Date of Report (date of earliest event reported): February 21, 2025

_______________________________________________________________________________
Sunnova Energy International Inc.
(Exact name of registrant as specified in its charter)
_______________________________________________________________________________
Delaware
001-38995
30-1192746
(State or other jurisdiction of
incorporation or organization)
(Commission
File Number)
(I.R.S. Employer
Identification Number)

20 East Greenway Plaza, Suite 540
Houston, Texas 77046
(Address, including zip code, of principal executive offices)

(281) 892-1588
(Registrant's telephone number, including area code)
_______________________________________________________________________________

Check the appropriate box below if the Form 8-K filing is intended to simultaneously satisfy the filing obligation of the registrant under any of the following provisions (see General Instruction A.2):
Written communications pursuant to Rule 425 under the Securities Act (17 CFR 230.425)
Soliciting material pursuant to Rule 14a-12 under the Exchange Act (17 CFR 240.14a-12)
Pre-commencement communications pursuant to Rule 14d-2(b) under the Exchange Act (17 CFR 240.14d-2(b))
Pre-commencement communications pursuant to Rule 13e-4(c) under the Exchange Act (17 CFR 240.13e-4(c))

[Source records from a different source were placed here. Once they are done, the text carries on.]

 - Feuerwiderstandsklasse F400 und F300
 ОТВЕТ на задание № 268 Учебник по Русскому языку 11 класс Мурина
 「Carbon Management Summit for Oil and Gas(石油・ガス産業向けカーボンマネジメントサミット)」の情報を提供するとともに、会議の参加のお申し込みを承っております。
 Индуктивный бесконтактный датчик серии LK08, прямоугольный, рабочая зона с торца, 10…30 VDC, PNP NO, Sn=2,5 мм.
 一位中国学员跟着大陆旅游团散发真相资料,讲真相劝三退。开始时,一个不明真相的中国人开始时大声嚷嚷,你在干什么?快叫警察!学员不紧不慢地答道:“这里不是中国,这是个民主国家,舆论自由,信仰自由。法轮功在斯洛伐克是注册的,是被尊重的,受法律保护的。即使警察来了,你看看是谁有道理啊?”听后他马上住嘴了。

Securities registered pursuant to Section 12(b) of the Act:
Title of Each ClassTrading Symbol(s)Name of Each Exchange on Which Registered
Common Stock, $0.0001 par value per shareNOVANew York Stock Exchange

Indicate by check mark whether the registrant is an emerging growth company as defined in Rule 405 of the Securities Act of 1933 (§230.405 of this chapter) or Rule 12b-2 of the Securities Exchange Act of 1934 (§240.12b-2 of this chapter).

Emerging growth company

If an emerging growth company, indicate by check mark if the registrant has elected not to use the extended transition period for complying with any new or revised financial accounting standards provided pursuant to Section 13(a) of the Exchange Act.

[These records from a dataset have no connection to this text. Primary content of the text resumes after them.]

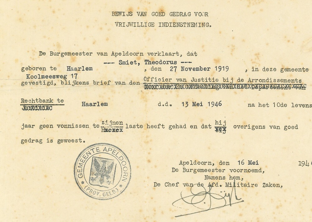 Bewijs van goed gedrag voor vrijwillige Indienstnemi...
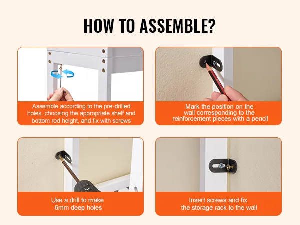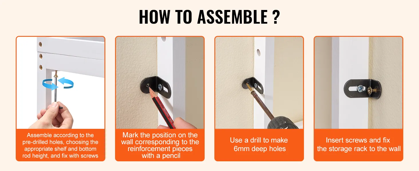 Eenvoudig te monteren: Ook als u niet handig bent, kunt u dit badkamertoiletframe eenvoudig monteren en opstellen. Monteer eerst het totale frame, pas vervolgens de positie van de middelste plank en de onderste stang aan volgens de vooraf ingestelde gaten en bevestig ten slotte de verstevigingen aan de muur. Onze duidelijke instructies en meegeleverde gereedschappen maken het montageproces veel eenvoudiger.
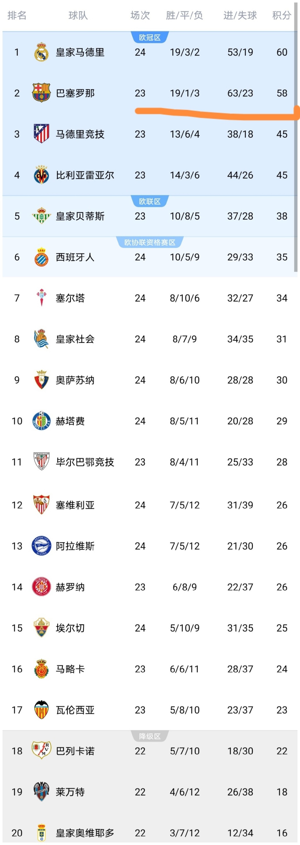 可以看到皇马主场大胜皇家社会队之后,积分上涨到了60分,暂时反超巴萨升至西甲榜首,可以看到巴萨已经丢了榜首,巴萨能不能再次回到榜首位置我们不得而知,如果本轮巴萨获胜他们可以重新回到榜首,如果本轮巴萨不胜,那么巴萨就无法回到榜首位置。而皇家社会队输球之后,积31分继续排名第8。比利亚雷亚尔队输球之后积45分继续排名第4,无缘反超马竞升至第3。
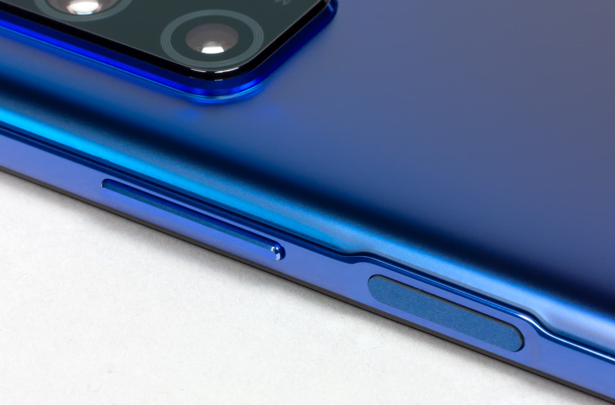 Боковые кнопки установили на одной боковине. Кнопки крупные, удобные, с приятным мягким и глубоким ходом. Но совсем хорошо, что сканер отпечатков пальцев здесь расположен не под экраном и даже не сзади, а в идеальном месте: прямо под пальцем на площадке кнопки питания. Сканер работает быстро и безошибочно.
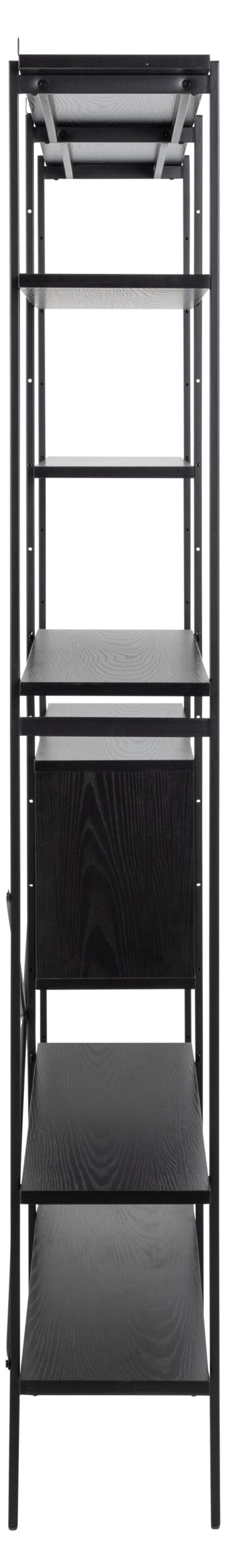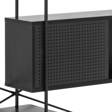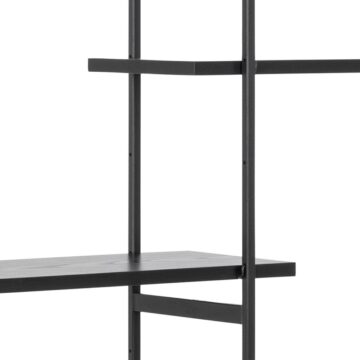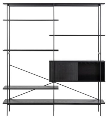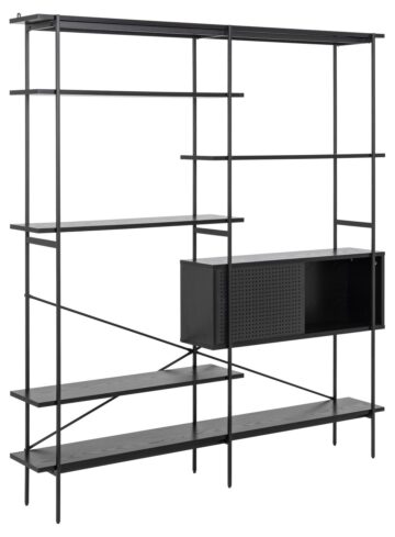 Knjižna polica Angus prinaša edinstveno kombinacijo sodobnega oblikovanja in praktičnosti. Narejena iz črnega prašno lakiranega jekla in melamina v barvi črnega pepela, ta polica ponuja prostor za shranjevanje in prikaz vaših najljubših predmetov.
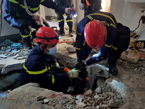 Ngay sau khi tiếp nhận trang thiết bị tìm kiếm cứu nạn được vận chuyển đến hiện trường, lực lượng cứu nạn của Bộ Công an Việt Nam đã khẩn trương đưa máy móc vào khu vực cắt từng mảng bê tông, quyết tâm đưa được bé trai bị mắc kẹt ra khỏi đống đổ nát.
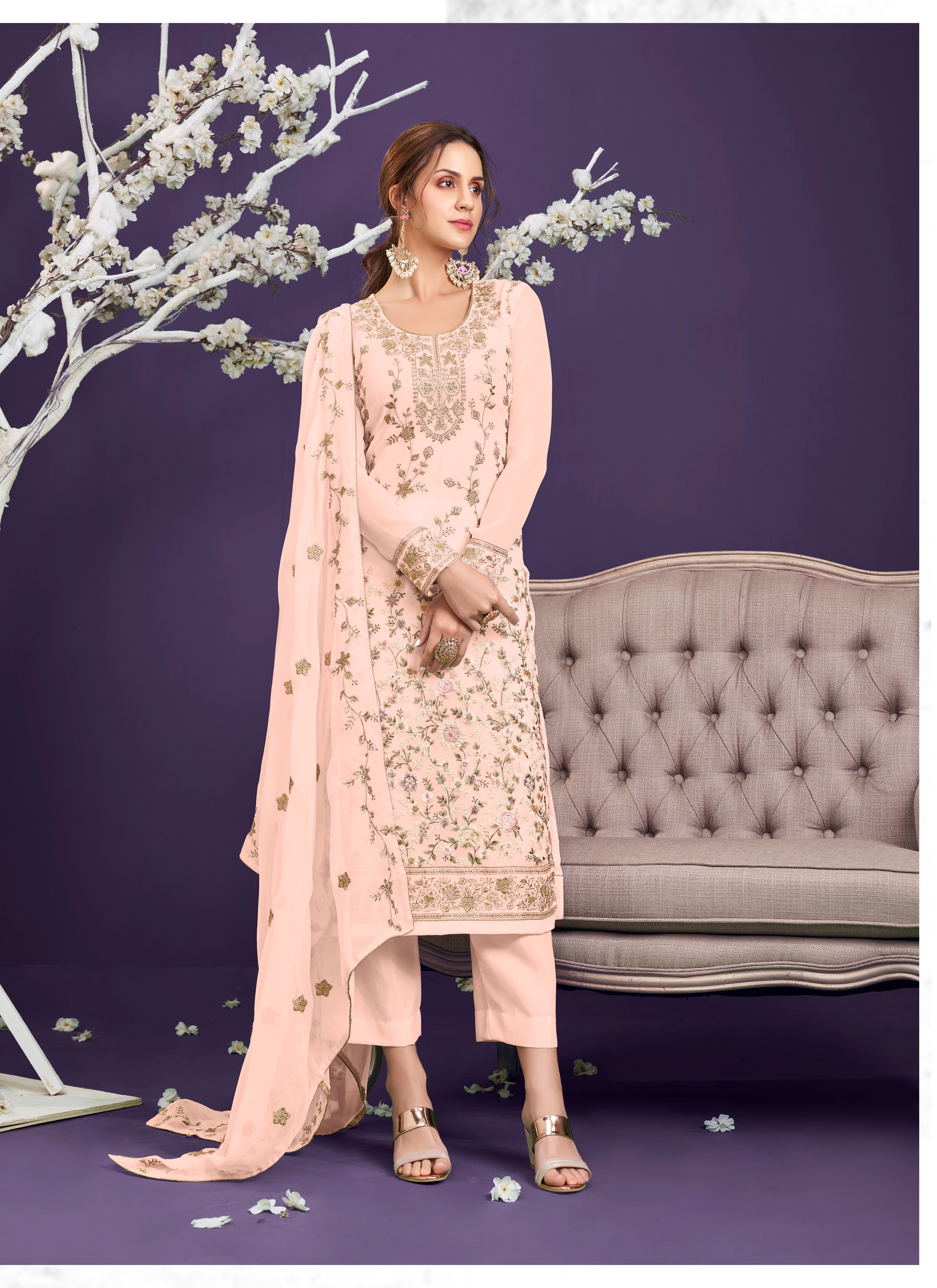 Latest Designer salwar suit Collection. Exclusive with Foil & Thread Embroidery Work gives a Fashionable Look, High sensed style and luxury makes you ready for envious glazes and very rich & Royal in the Party, Function, Event etc.
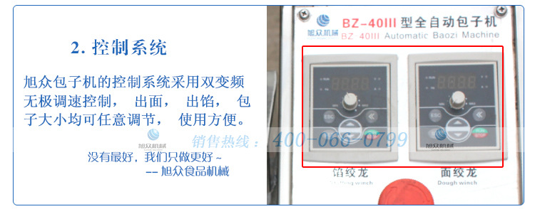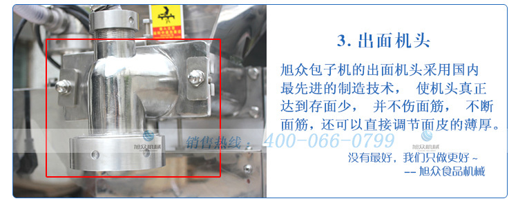 5:结合以上特性,再配合磨具的搭配,我们此款机型成品大小经测试可在15-180克之间任意调节,在150克以下成品皮馅比例更可达1:1,对于灌汤包等可达1:2.5以上。适合所有水晶包,小笼汤包(灌汤包,煎包),糯米包(青团,米果,红果),菜包,肉包,豆沙包,流沙包,叉烧包,玉兔包,圆馒头,玉米饼等。另配组合机还可以做刀切(方)馒头。酵母面,醒发面,二次发面均可做.一款机型解决全部产品,当之无愧的万能包子机王!此机型适合所有个体连锁包子铺,机关(部队)学校单位食堂,配送中心(早餐工程),食品厂等使用,价格适中,性价比全球最高。也适合创业人士的优先选择!
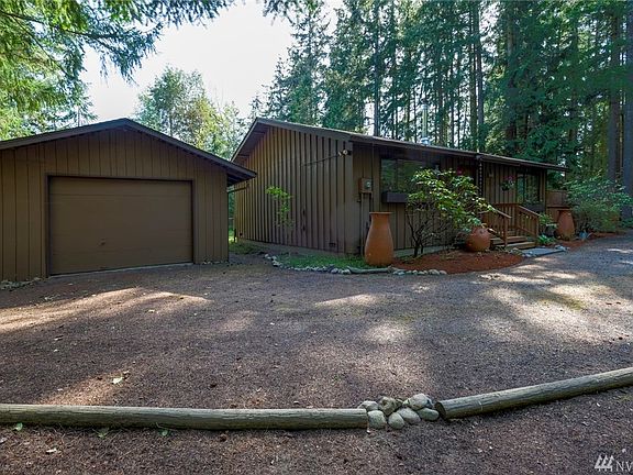The perfect woodland retreat! Charming, well built home on large lot with room to garden and play. Back yard is fenced, front boasts a lovely circular drive + an extra large 1 car garage with room for shop space or storage. This home gets great light, has decks on 2 sides, a propane fireplace & large master. New paint & flooring throughout! Great neighborhood w/huge lots yet still close to shopping, etc. A great place to call home, 2nd home, or even an investment property! click film reel for 3D

Item 1.01. Entry into a Material Definitive Agreement.

Solar Asset Securitization

On February 21, 2025, a wholly owned, indirect subsidiary (“SOL IX Issuer”) of the Company, entered into an indenture (the “Indenture”) with Wilmington Trust, National Association, as the indenture trustee, and completed an issuance of solar asset backed notes that were issued pursuant to the Indenture (the “Transaction”).

SOL IX Issuer issued $282,300,000 6.28% Solar Asset Backed Notes, Series 2025-P1, Class A (the “Class A Notes”) and $13,500,000 8.65% Solar Asset Backed Notes, Series 2025-P1, Class B (the “Class B Notes” and together with the Class A Notes, the “Notes”). The Notes have an anticipated repayment date occurring in January 2033.

The Notes were offered within the United States only to institutional accredited investors under Section 4(a)(2) of the Securities Act (the “Securities Act”), and to persons outside of the United States in compliance with Regulation S under the Securities Act. The Notes have not been and will not be registered under the Securities Act or the securities laws of any other jurisdiction and may not be offered or sold in the United States absent registration or an applicable exemption from the registration requirements under the Securities Act and other applicable securities laws. The Class A Notes and Class B Notes have been rated A- (sf) and BBB- (sf), respectively, by Kroll Bond Rating Agency, LLC.

The Collateral

The Notes are secured by, and payable from the cash flow generated by, the membership interests in the SOL IX Issuer’s wholly owned, direct subsidiaries, and the sale of renewable energy credits. Each such subsidiary owns a managing member interest in a project company. Each project company owns a pool of photovoltaic systems, related lease agreements or power purchase agreements and other related solar assets. All but one project company is jointly owned with a third-party investor.

A wholly owned, direct subsidiary of the Company (the “Transaction Manager”), will act as transaction manager pursuant to the terms of a Transaction Management Agreement between the SOL IX Issuer and the Transaction Manager. The Transaction Manager will be required to provide certain administrative, collection, and other management services to the SOL IX Issuer, including in respect of the subsidiaries of SOL IX Issuer and the renewable energy credits distributed to SOL IX Issuer by them.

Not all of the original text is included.